Sergio Colella, SITA President Europe, highlights that a key part of the industry, SITA is owned by the carriers. It is strongly focused on backing a sustained recovery of the industry. The organization shares that it supports the recovery in three core areas.

  • For operators, passengers numbers generally remain below what they were in 2019, while the surging oil price is driving up the cost of fuel, one of an airline's largest costs. So, a focus is to make fleets more efficient through solutions such eWAS and OptiFlight, which help to reduce fuel burn.
  • Alongside governments, the industry needs to ensure that it can securely reopen borders while making the process seamless. This is where Health ETA will be a valuable asset.
  • At the airport, the concentration is around automating the journey where the passenger's face is their passport, and their mobile device is a remote control for travel leveraging Smart Path and SITA Flex.
Thunderstorm
Photo: Getty Images

The wider sustainability mission

Sustainable recovery transcends across wider sustainability goals. There are ambitious targets in this field, with stakeholders keen to become carbon neutral and operate in a net-zero ecosystem in the coming decades.

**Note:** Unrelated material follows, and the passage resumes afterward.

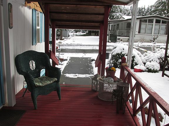 Really cute cottage in the woods! Remodeled and completely renovated with designer touches. BIG single wide mobile home (14 X 70) with large, solid, permitted extension (total 1300 s.f.). Self-supporting roof-over (roof is in excellent condition), fully insulated by PUD program (cost $10,860) in 2013. Newer vinyl windows. Three bedrooms, one luxurious bathroom, one half bathroom, large open concept kitchen/dining area, spacious living room, big studio/hobby room (or third bedroom). Much more!
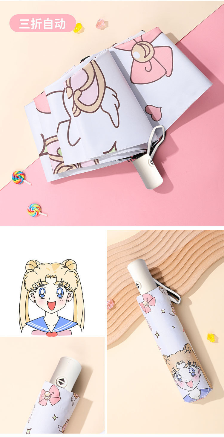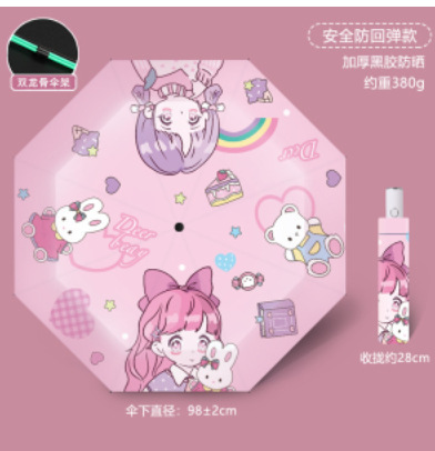 안전한 자동 반동 방지 어린이 우산 여성의 태양 보호 자외선 보호 태양 우산 맑고 비 이중 목적 휴대용 접는 우산스토어 가기

As a result, the market requires solutions that help it reach its carbon reduction objectives. Thus SITA is collaborating with the industry on sustainable aviation initiatives.

Colella shares that SITA's solutions can help carriers and airports considerably cut down fuel burn and associated emissions, with more sustainable flying through enabling more direct and efficient flight paths and management of disruption from weather impacts to reduce delays.

"For example, our eWAS Pilot integrated with Safety Line's 'OptiFlight' reduces fuel consumption, costs and limits aircraft CO2 emissions at key flight stages – it optimizes take-offs, descent and flight paths based on historical data and real-time updates for weather, head, and tailwinds. Climb fuel savings of 5-6% are possible for each flight without affecting passenger safety or comfort, and, it's estimated that aviation could avoid 5.6 million tons of CO2 emissions a year if all the world's airlines optimized the climbing phase of a flight," Colella told Simple Flying.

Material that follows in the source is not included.